United Kingdom Haydn, Dvořák, and Schubert: Trio Wanderer (Jean-Marc Phillips-Varjabédian [violin], Raphaël Pidoux [cello], Vincent Coq [cello]). Wigmore Hall, London, 29.12.2018 (MB)
Haydn – Piano Trio in E-flat minor, Hob. XV:31
Dvořák – Piano Trio in E minor, Op.90, ‘Dumky’
Schubert – Piano Trio No.2 in E-flat major, D 929
What a splendid way to round off the musical year: generous, immediate performances of three piano trios from the Trio Wanderer at the Wigmore Hall. And where better a place to start than with Haydn, who, if he did not quite invent the genre, soon brought it to a level of invention never previously hinted at and never to be surpassed? The 1795 E-flat minor Trio is a curious work, as experimental as any, belying claims of a relative classicism to the composer’s (relative) old age. That was how it sounded here too, its twists, turns, and ultimate cohesion in or under hands that, whilst safe, were anything but dull or complacent.
The key itself – of the first movement, that is, the second and final movement moving to E-flat major – is unusual, even for Haydn. (It is difficult to imagine Mozart opting for it, save perhaps as a rare episode.) Its quiet dignity, at least as used here, was conveyed with a strange melancholy that put one in mind of the Sturm und Drang Haydn, albeit distilled. Whenever the rondo theme – yes, the first movement is a rondo – reached its Neapolitan moment, one felt the harmony’s historical roots in earlier eighteenth-century Naples, yet also knew its kinship with Haydn’s own double variations for piano in F minor/major and certain aspects of the musical future to come: to be, as it were, invented. The B major episode proved especially striking, moving enharmonically down a major third, offering both in work and in performance a striking pre-sentiment of Schubert. (Yes, I remain enough of an historian to damn such forward-looking teleology in abstracto, but here in context…) Brighter, yet still in the shadow: there was a rightness here that brooked no response. Nor did the formal freedoms and ingenuities of the second movement, played, liked its predecessor, with string tone and style speaking very much of what we may probably still yet call the Franco-Flemish school. There was no need to exaggerate in lamentable contemporary ‘period’ fashion; Haydn can speak perfectly well for himself, whatever the art that conceals such performative art. In tonal journey and detailed interest alike, the Wanderer players commanded and held our attention.

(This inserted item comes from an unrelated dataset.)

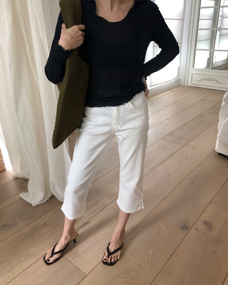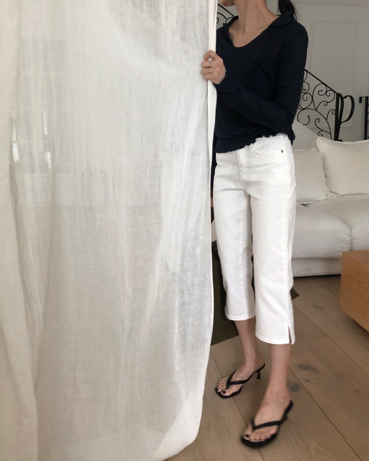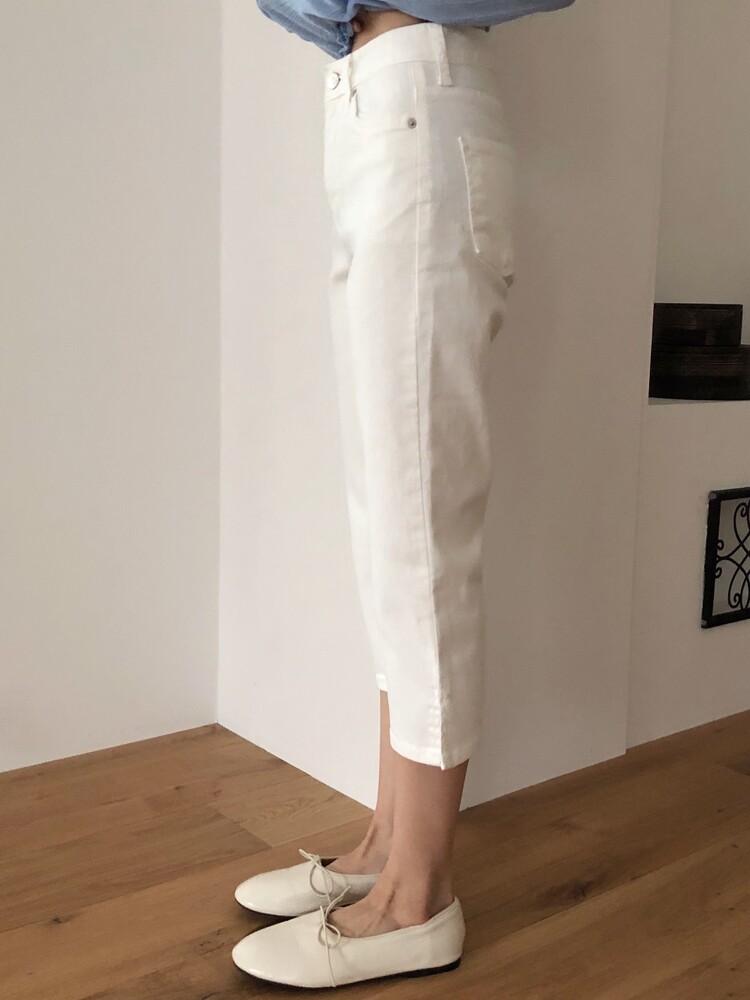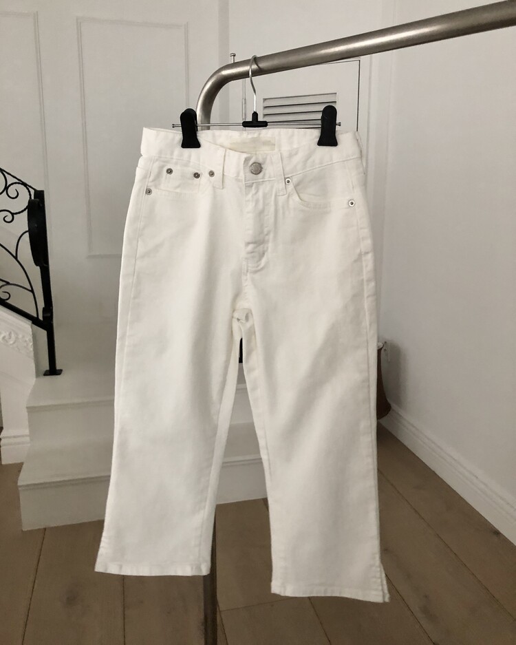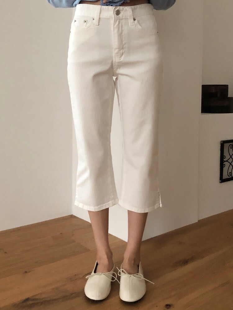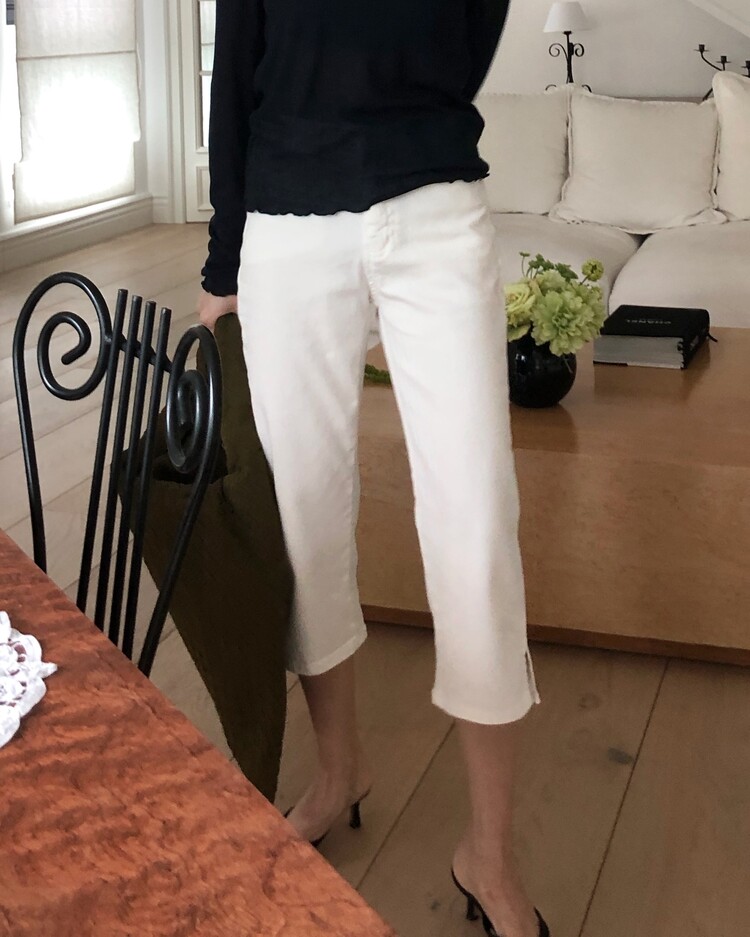 -클래식한 데님에 트렌디한 카프리 기장을 더해준 사이드 슬릿 카프리 데님 팬츠
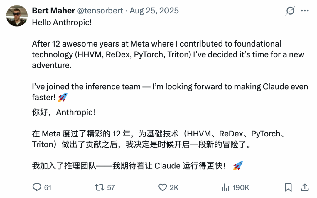 另外还有一位在Meta工作了12年的资深工程师Bert Maher,他曾参与开发 PyTorch(全球广泛使用的 AI 训练工具)和 Triton(优化 AI 模型运行的编程语言与编译器)。2025年8月官宣加入Anthropic,并表示自己将致力于让 Claude “跑得更快”。

Dvořák’s Dumky Trio immediately announced a different, if not unrelated, world, the players’ tone and concept unashamedly full-blooded in a Romanticism that was yet far from generic, but specific to the particular language and flavour of composer and work. We found ourselves in the world of the public concert rather than the connoisseur’s chamber. Moreover, each musician’s performance possessed the character one might, however erroneously, associate with a group of ‘star’ soloists; ensemble playing and understanding reminded us that this was very much an established rather than an occasional ensemble. Rhetoric, character, and form played vividly before our ears, whether in the quasi-rustic – how ‘quasi’ remains a matter for debate – spirit of the ‘dumka’ dance or the comforts of the mitteleuropäisch coffee house. Indeed, quicksilver shifts of mood that registered just as strongly as any underlying unity. For instance, in the second of the six movements, we heard a melancholy that spoke in context of affinity with Haydn, whilst retaining its particularity; no sooner had we done so, though, than the music had wrenched our thoughts and emotions elsewhere. If gear changes were sometimes obvious, that was as much a reflection of the score ‘itself’ as its performance. There was no denying the charm, the dancing fury, or the Bohemian ‘soul’ – however much, in the cold light of day, we may wish to deconstruct such notions.
Schubert’s E-flat major Trio made for a satisfying tonal reprise and development – among many other virtues. The Trio Wanderer brought to the first movement and much else a buoyant charm that assisted both integration and development: here most noticeable, aptly enough, in the development section, but also in the second development of the recapitulation. The Andante con moto offered a trudge that was brisk yet never brusque, in keeping both with Schubert’s tempo marking and, more important, the ineffable character to his writing. Imbued with dignity and passion, the performance proved flexible too, without losing track of a fundamental pulse. These were fine guides indeed to a very particular tonal winter’s journey. A well-sprung scherzando proved playful yet never insouciant. As expansive as its companions in its own way, it lacked – like them – any sense of the longueurs that can plague lesser accounts. The finale seemed, in a strange sense, to bring us back once again to the spirit of Haydn: what he might have done in an absurd, hypothetical sense – until, that is, it was very much what he would not have done. The music looked forward too, to Schumann, to Brahms, to Dvořák, yet never sounded untrue to itself. Technical excellence, emotional affinity, and a gift for formal and thematic integration proved complementary in a fine conclusion to a fine concert – save, that is, for an energetic encore of the finale to Haydn’s so-called ‘Gypsy’ Trio.